# Make ico in Photoshop (Plugin)



## iMav (Dec 27, 2007)

*www.blogsmithmedia.com/www.downloadsquad.com/media/2007/12/icon-plugin.jpg​
out of the box, Adobe Photoshop has no option to save files as .ICO or icon files. One option is to make a bitmap (.bmp) image first and then rename it to .ico . However that creates a problem with icon backgrounds occasionally. Then there are the more expensive additives or plugins. But now you can make, edit and save icon files with Photoshop without spending a single dime using the Icon Plugin by Sibcode.

The Icon Plugin is a small (~ 700 k) Photoshop extension. it lets you export or save image files as icon or .ICO files, fully compatible with Windows XP. This plugin supports a wide range of features including multi-format icons, transparency and semi-transparency. The icons created can also be made Windows Vista compatible from the icon creation dialogue by enabling .png compression. It also supports non-standard icons of different sizes, colors and resolutions, including monochrome, 16 colors, 256 colors, 24-bit True Color, and 32-bit True Color with semi-transparency. The users also have the handy option to add/remove sub-icons from the root icon file.

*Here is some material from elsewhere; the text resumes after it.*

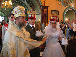 Когда священник спрашивает жениха и невесту, обещают ли они любить и беречь друг друга, хранить друг другу верность, добровольно ли они возлагают на себя узы брака, а те отвечают согласием, то они дают обещание не стоящему перед ними священнослужителю, а Богу и Церкви. В конце таинства священник, держа новобрачных за руки, трижды обводит их вокруг аналоя: это и путь, который благословленная Церковью новая семья совершает ко Христу и вечной жизни с Ним, и тот крестный путь, которым прошел Христос.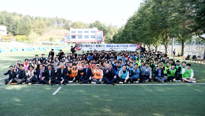 포항 스틸러스는 지난 10일 포항제철중학교에서 “포항 스틸러스-경상북도교육청이 함께하는 체육 교사 축구 지도법 직무연수를 진행했다”고 13일 밝혔다. 이날 행사에는 포항 스틸러스 U12, U15 지도자들과 선수 6명(조상혁, 이수아, 이헌재, 김범준, 윤대근, 조영준)이 일일 선생님으로 함께했다.

*Icon Plugin *is compatible with a slew of front running image/graphics editors like Elements, AfterEffects, Premiere, PhotoDeluxe, Corel PhotoPaint, PaintShop Pro, Painter, and Photo. As for OS compatibility, for the time being, this plugin goes fine with Windows, no MAC/Linux support (sorry apple/unix boys and girls). The plugin is a freeware and comes compressed in a zip file. The installation instructions are available in a tidy "read me" file inside the package. Go on, start belching out cute icons with Photoshop today.

*Download Plugin*

Source: Download Squad


----------



## Pathik (Dec 27, 2007)

Well i used to use Paint/Irfanview to make ICOs.


----------



## vaibhavtek (Dec 27, 2007)

nice 1


----------



## Cool G5 (Dec 27, 2007)

Good.


----------



## Gigacore (Dec 27, 2007)

thanks for sharing it manan bro!


----------



## blueshift (Dec 27, 2007)

Thanks.
I used to make images in Photoshop then open it up in Microangelo and then export it to ICO.
This plugin will come in handy.


----------



## topgear (Dec 28, 2007)

Very useful
Thanks for sharing


----------